Tale priorità è resa ancora più impellente dalle evidenze emerse in una

ricerca di FederPrivacy, secondo la quale ben 97 dei principali 100

istituti di credito mondiali sarebbero a rischio di furto di dati

sensibili da parte degli hacker.

L’indagine ha messo inoltre in rilievo come tra le app di servizi

finanziari analizzate 85 non abbiano superato il test di conformità al

Gdpr, 25 non siano protette da un web application firewall e 7 contengano

vulnerabilità note e sfruttabili da malintenzionati. Inoltre, il 20% delle

app di mobile banking contiene almeno una vulnerabilità di sicurezza

classificata come ad alto rischio.

“Gli utenti hanno bisogno di capire di quali siti web possono veramente

fidarsi, specialmente se devono fornire i loro dati per effettuare

pagamenti online.
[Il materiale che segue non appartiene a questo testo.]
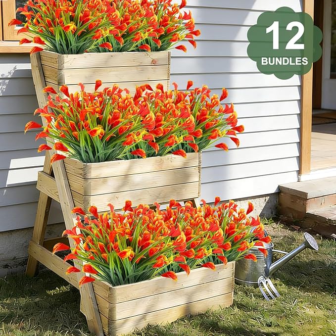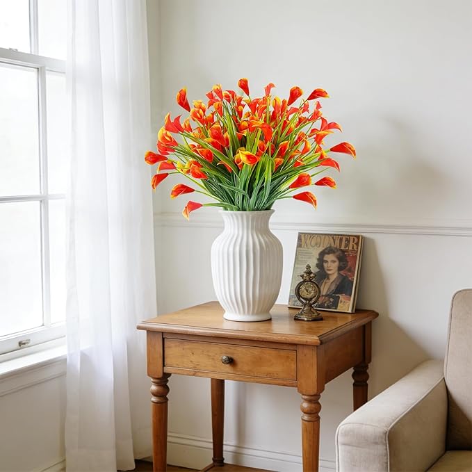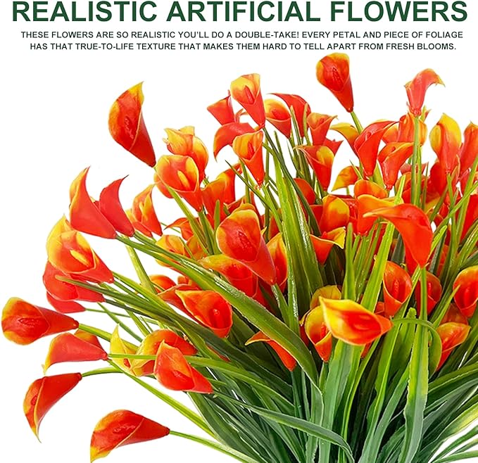 12 Bundles Calla Lily (240 Heads) Artificial Flowers for Outdoors, Fake Plants UV Resistant Faux Plastic Fake Flowers for Indoor Home Porch Yards Summer Cemetery Spring Decor(Orange Red)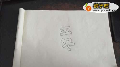 首先准备好绘画用具,我们在纸的中间先写上立冬两个字,字体能随意设计。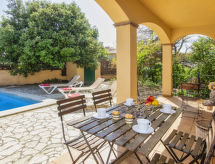 4 -sobna kuća 90 m2. Svrsishodno uređena: dnevni boravak/blagovaona s otvorenim kaminom i digitalnim TV. Izlaz na terasu, na bazen. 1 soba s 1 franc. krevetom (150 cm, dužina 190 cm), kadom/bidetom/WC-om. 1 soba s 1 franc. krevetom (150 cm, dužina 190 cm). 1 soba s 2 kreveta (90 cm, dužina 190 cm). Otvorena kuhinja (pećnica, perilica za suđe, toster, kuhalo za vodu). Tuš/bidet/WC. Balkon. Garnitura za sjedenje, vrtni roštilj, ležaljke (6). Pogled na planine. Na raspolaganju: perilica za rublje, visoka dječja stolica, dječji krevetić do 2 godine. Internet (wireless LAN [WLAN], besplatan). Dodatna informacija: kuća za nepušače. TV samo ES. HUTG-000927- Značajke smještaja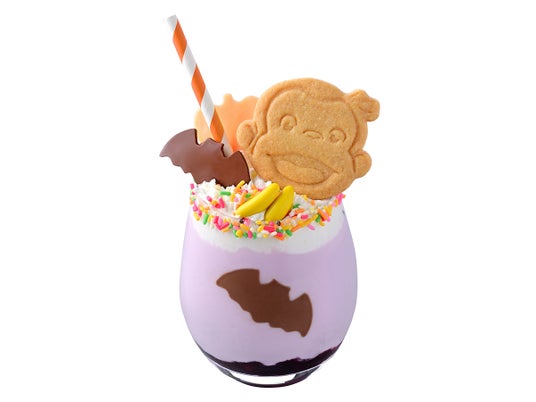 さらには、ハロウィーンパーティーをイメージし、たっぷりのお菓子をトッピングしたドリンクメニュー「ハロウィーンパーティーへご招待!特製!あやしげなパープルドリンク」は、すっきりとしたヨーグルトをベースに甘いブルーベリーソースを合わせました。ジョージのお顔のクッキーは2種類あり、どんなお顔のジョージがやって来るかはお楽しみ!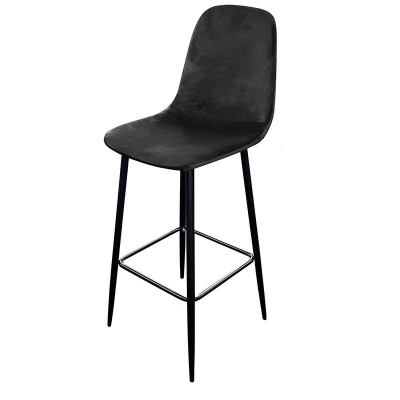 Tabouret De Bar En Velours Noir Pieds Métal Inoui -Ledepot Mobilier Magasin tabouret de bar en velours noir pieds metal inoui 1 1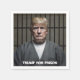Trump locked up behind bars with Trump For Prison typography wearing his grey prison uniform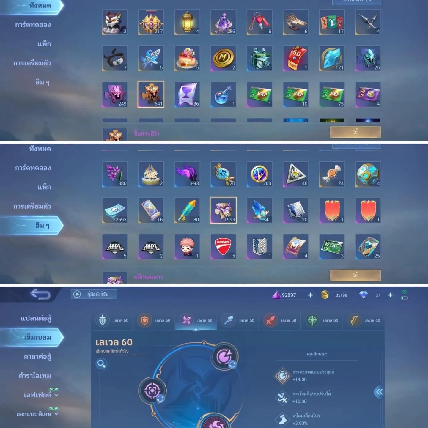 Hero 131 /Skin 371 เปลี่ยนเมลได้เลย ไม่ติดโซเซียล ไอดีสะอาด เปลี่ยนรหัสได้เลย เอ็มเบลมเลเวล 60 ตัน ครับ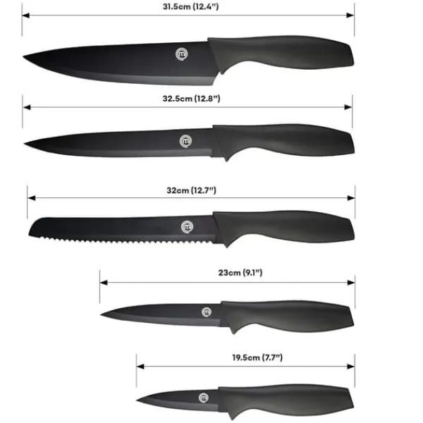 Detta Mästerkocken knivset från den populära tv-serien Mästerkocken är det perfekta valet för både amatörer och professionella hemmakockar. Tillverkat av högkvalitativt rostfritt stål med svarta handtag och blad som ger detta knivset en proffsig look samtidigt som det är snygga i köket. Varje kniv har ett ergonomiskt handtag för ett säkert och bekvämt grepp. Knivarna har en non-stick-beläggning som underlättar skärningen.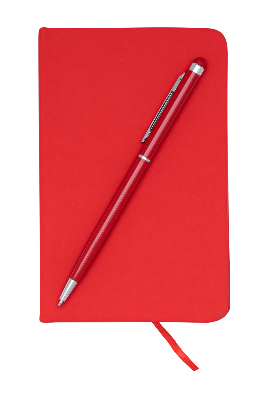 Комплект бележник A6 от рециклирана еко кожа и тънка метална химикалка в подаръчна кутия.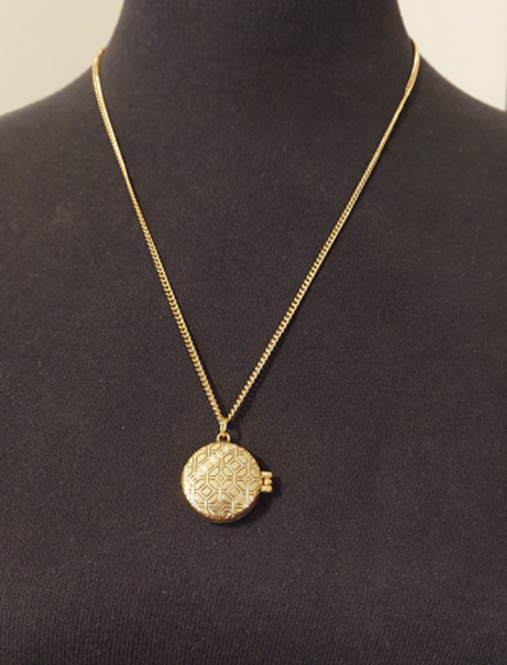 Corrente longa, med 60 cm aprox. Relicário com desenhos tipo mosaico e com fecho imantado.

Non è quindi un caso che la maggior parte delle

richieste per ottenere il marchio ‘Privacy Ok’ stiano pervenendo dal mondo

finanziario, e sono oltre trenta i siti e le app di banche e istituti di

credito che dovremo esaminare nei prossimi mesi per valutare quali sono

idonei per ottenerlo”, ha spiegato in una nota il Presidente di

FederPrivacy, Nicola Bernardi.

Il marchio ‘Privacy Ok’ iene rilasciato ad aziende ed enti che

aderiscono a uno specifico codice di condotta, assumendo l’impegno

vincolante di rispettarne tutte le regole. Per garantire che non si tratta

di un bollino autoreferenziale, ma di uno strumento concreto per aiutare

gli utenti a valutare rapidamente il livello di affidabilità del sito in

cui stanno navigando, Federprivacy ha affidato il processo di valutazione

a Tuv Italia, che in qualità di organismo di certificazione indipendente

assicura l’imparzialità del processo per determinare se un sito è

effettivamente conforme per la concessione del marchio.